Al Louis-Jean

Profile
- Position: Cornerback

Personal information
- Born: October 13, 1993 (age 32) Brockton, Massachusetts, U.S.
- Listed height: 6 ft 2 in (1.88 m)
- Listed weight: 194 lb (88 kg)

Career information
- High school: Brockton (MA)
- College: Boston College
- NFL draft: 2014: undrafted

Career history
- Chicago Bears (2014); Washington Redskins (2015–2016)*; Miami Dolphins (2016)*; Ottawa Redblacks (2017)*; Massachusetts Pirates (2019–2021); Northern Arizona Wranglers (2023); Omaha Beef (2024)*; Tucson Sugar Skulls (2024);
- * Offseason and/or practice squad member only

Career NFL statistics
- Total tackles: 9
- Stats at Pro Football Reference

= Al Louis-Jean =

American football player (born 1993)

Albert Louis-Jean Jr. (born October 13, 1993) is an American professional football cornerback. He played college football at Boston College. He has been a member of the Chicago Bears, Washington Redskins, Miami Dolphins, Ottawa Redblacks, Massachusetts Pirates and Northern Arizona Wranglers.

==Early life==
Louis-Jean played high school football at Brockton High School in Brockton, Massachusetts. He was selected to the 2010 Massachusetts High School Coaches Association Super 26 All-State Team, earned Boston Globe and Boston Herald All-Scholastic honors, was a two-time Brockton Enterprise All-Scholastic choice and was team MVP as a senior defensive back. He recorded 60 tackles and five interceptions as a senior. He also had 30 receptions for 650 yards and five touchdowns in 2010, completing his career with 12 interceptions. He also played basketball and track.

==College career==
Louis-Jean originally committed to play for the Miami Hurricanes, but eventually de-committed and instead decided to commit to play for Boston College. Louis-Jean played for the Eagles from 2011 to 2013. He sat out the 2012 season. After his junior season, and with two years of NCAA eligibility remaining, Louis-Jean decided to forgo his college career and declared for the 2014 NFL draft.

==Professional career==

===Chicago Bears===
Louis-Jean signed with the Chicago Bears on June 2, 2014, after going undrafted in the 2014 NFL draft. He was released by the Bears on August 30. On September 1, Louis-Jean was re-signed to the team's practice squad. He was promoted to the active roster on October 7.

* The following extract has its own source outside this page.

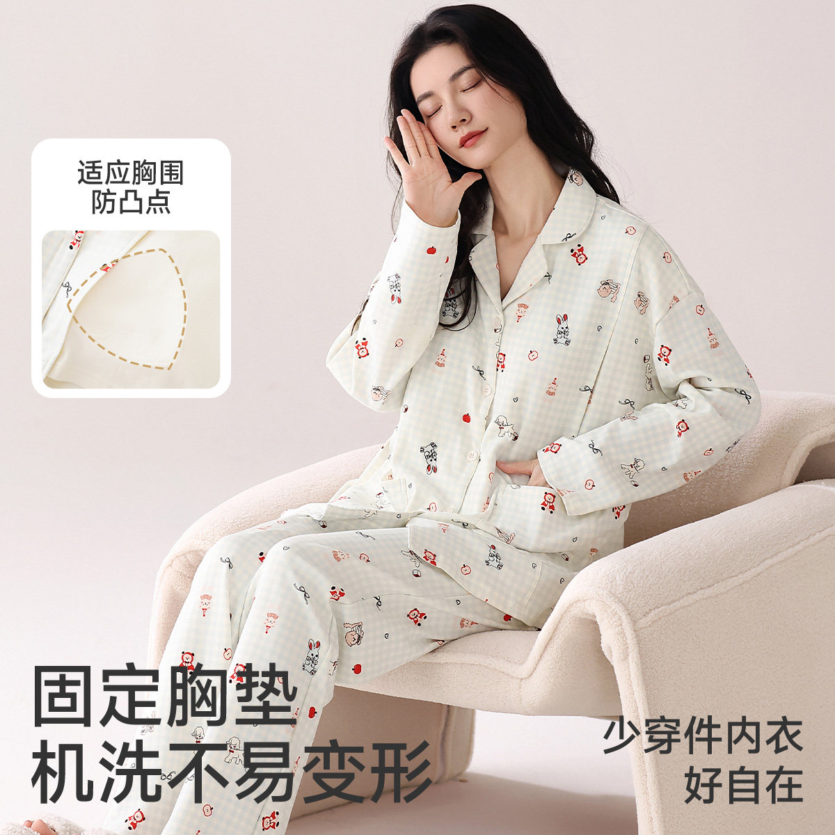 春秋季云感棉带胸垫月子服产后产妇秋冬12月份孕妇哺乳睡衣家居服

On February 4, 2015, Louis-Jean signed a two-year contract extension with the Bears. Louis-Jean was released by the Bears on August 30.

===Washington Redskins===
Louis-Jean was signed to the Washington Redskins' practice squad on January 5, 2016. He signed a futures contract with Washington on January 11, 2016. Louis-Jean was released by the Redskins on May 2.

===Miami Dolphins===
Louis-Jean signed with the Miami Dolphins on August 8, 2016. On August 27, he was waived by the Dolphins.

=== Ottawa Redblacks ===
On March 1, 2017, Louis-Jean signed with the Ottawa Redblacks of the Canadian Football League (CFL). He was released by the Redblacks on May 28.

===Massachusetts Pirates===
Louis-Jean signed with the Massachusetts Pirates of the National Arena League (NAL) for the 2019 season. Louis-Jean appeared in eight games while recording nine tackles and one pass defensed.

In November 2019, Louis-Jean re-signed with the Pirates for the 2020 season.

===Northern Arizona Wranglers===
On March 13, 2023, Louis-Jean signed with the Northern Arizona Wranglers of the Indoor Football League (IFL). On August 27, Louis-Jean was released by the Wranglers.

===Omaha Beef===
On December 1, 2023, Louis-Jean signed with the Omaha Beef of the NAL.